Мне предлагали раньше вступить в Хельсинкскую группу, и я чувствовал некоторую не то чтобы фальшь, но какую-то неувязку с моей позицией. Значит, если я считаю, что все это противоестественно — советское устройство, ну что я буду следить за выполнением их обещаний? Я их просто не признаю для себя, так скажем. Я не борец, я с ними не борюсь, делайте что хотите, но не трогайте меня. Хельсинкская группа — мне в нее не хотелось. А фонд, я видел, — это то, что нужно. Не как инструмент какой-то борьбы или воздействия или еще что-то. Он сам по себе ценен, и, конечно, пока он существует, то реально многим людям и особенно семьям севших облегчает жизнь, и это нужно.

При этом я ясно понимал, что у фонда должен быть именно объявленный распорядитель, известный человек, которого можно найти. Если фонд будет подпольным, его скорее прихлопнут, и все равно невозможно ему функционировать так, чтобы не видна была его деятельность, органы на него выйдут, а для людей, которым нужна помощь, он будет безымянным, и где им его искать, к кому обращаться?.. Поэтому кто-то должен подставить себя под удар и стать объявленным распорядителем.
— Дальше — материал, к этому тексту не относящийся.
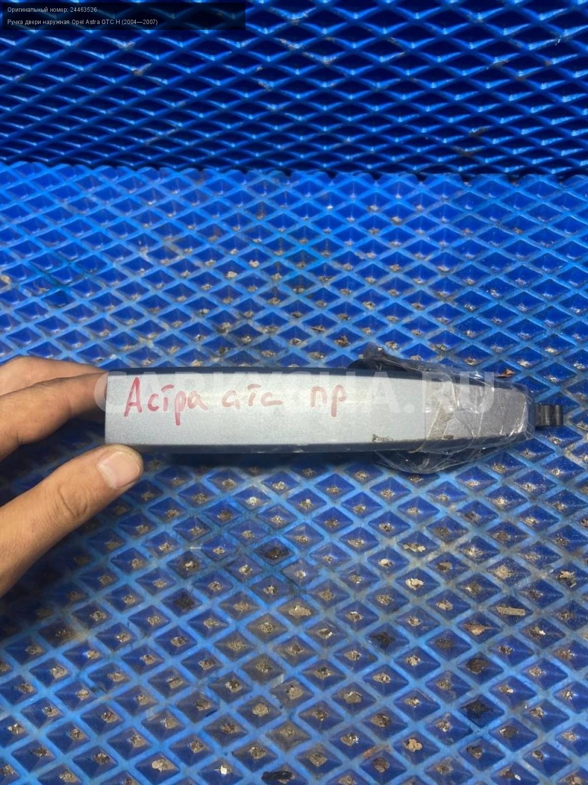Opel Astra GTC H, ручка двери передняя правая.\nАртикул: 8231\n\nОриг. номер: 24463526\nПроизводитель: OPEL\nПримечание:Опель Астра Н GTC, ручка двери передняя правая, б/у. \n\nМарка: Opel\nМодель: Astra GTC H (2004—2007)\nГод выпуска: 2007\nКузов тип: Купе\nДвигатель номер: Z18XER\nМодель двигателя: инжектор\nОбъем: 1.8\nТопливо: Бензин\nКоробка: Автомат\nЦвет: Серый\nПраво/Лево: Право\nПеред/Зад: Перед\nСовместимости: Opel Astra GTC H (2004—2007) 1.8 AT (140 л.с.)\nСовместимость: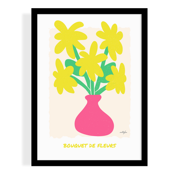 Bouquet de Fleurs No.2 by saltedjam. This original graphic illustration features figurative shapes that depict a flower bouquet and vase in bold colours. The contrasting colour combinations within the piece create a playfulness to the motif.

Я видел, что после очередных арестов как-то не очень много желающих. И я очень робко, увидев, что не находятся желающие три человека, сказал, что я бы мог быть, и даже сказал, что я понимаю, что есть люди, которые реально занимаются делами, но должен быть объявленный публично руководитель и я готов им стать, даже не полностью вникая во всю деятельность фонда. Оказалось, конечно, что это иллюзии и, будучи объявленным, надо во все вникать, просто так номинально оставаться невозможно. Но я так тогда предложил. Были активные люди, которые очень хорошо работали, но не готовы были пойти и объявиться, а потом сесть. Я до этого, скажем, дозрел, а другие не дозревали. И кто бы бросил в них камень?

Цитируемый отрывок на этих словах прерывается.